AluScan: a method for genome-wide scanning of sequence and structure variations in the human genome
- Lingling Mei†1,
- Xiaofan Ding†1,
- Shui-Ying Tsang1,
- Frank W Pun1,
- Siu-Kin Ng1,
- Jianfeng Yang1,
- Cunyou Zhao1,
- Dezhi Li2,
- Weiqing Wan2, 3,
- Chi-Hung Yu4, 5,
- Tze-Ching Tan4, 5,
- Wai-Sang Poon5, 6,
- Gilberto Ka-Kit Leung5, 7,
- Ho-Keung Ng5, 8,
- Liwei Zhang2, 3Email author and
- Hong Xue1, 3, 5Email author
© Mei et al; licensee BioMed Central Ltd. 2011
Received: 22 August 2011
Accepted: 17 November 2011
Published: 17 November 2011
To complement next-generation sequencing technologies, there is a pressing need for efficient pre-sequencing capture methods with reduced costs and DNA requirement. The Alu family of short interspersed nucleotide elements is the most abundant type of transposable elements in the human genome and a recognized source of genome instability. With over one million Alu elements distributed throughout the genome, they are well positioned to facilitate genome-wide sequence amplification and capture of regions likely to harbor genetic variation hotspots of biological relevance.

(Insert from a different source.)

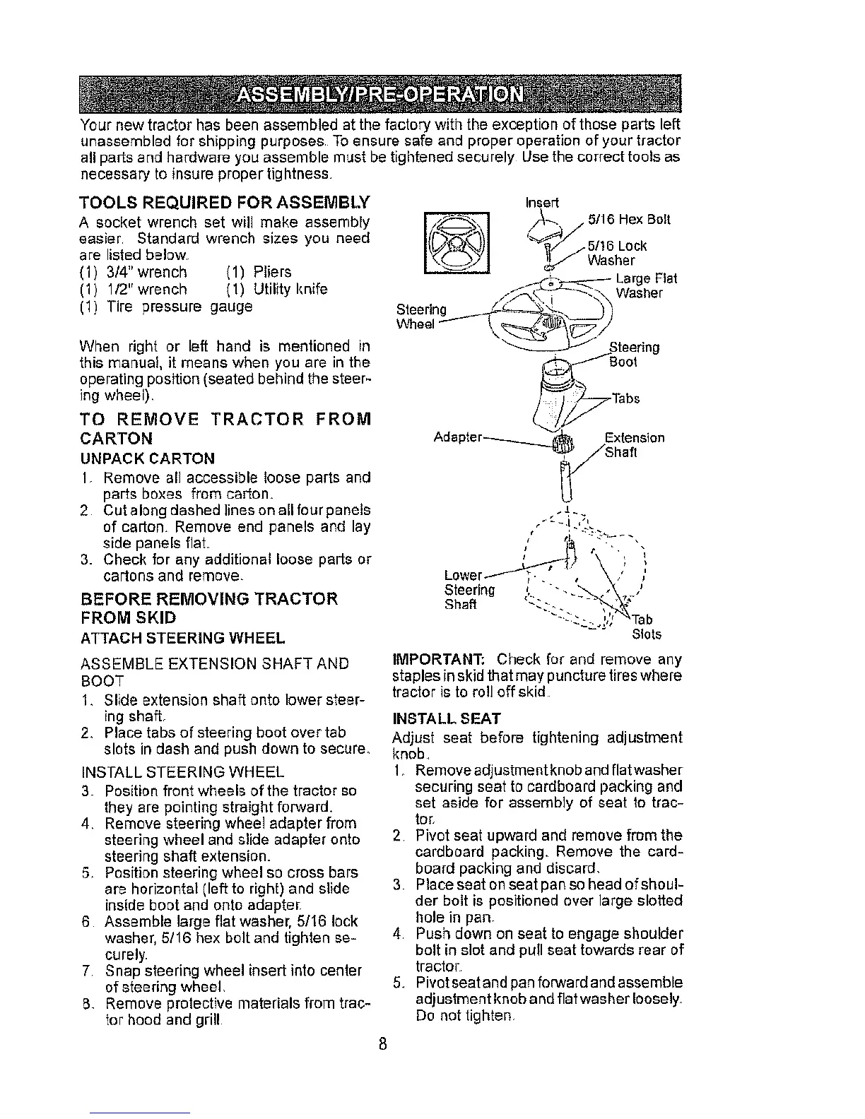 unassembled for shipping purposes,, To ensure safe and proper operation of your tractor

Here we report on the use of inter-Alu PCR with an enhanced range of amplicons in conjunction with next-generation sequencing to generate an Alu-anchored scan, or 'AluScan', of DNA sequences between Alu transposons, where Alu consensus sequence-based 'H-type' PCR primers that elongate outward from the head of an Alu element are combined with 'T-type' primers elongating from the poly-A containing tail to achieve huge amplicon range. To illustrate the method, glioma DNA was compared with white blood cell control DNA of the same patient by means of AluScan. The over 10 Mb sequences obtained, derived from more than 8,000 genes spread over all the chromosomes, revealed a highly reproducible capture of genomic sequences enriched in genic sequences and cancer candidate gene regions. Requiring only sub-micrograms of sample DNA, the power of AluScan as a discovery tool for genetic variations was demonstrated by the identification of 357 instances of loss of heterozygosity, 341 somatic indels, 274 somatic SNVs, and seven potential somatic SNV hotspots between control and glioma DNA.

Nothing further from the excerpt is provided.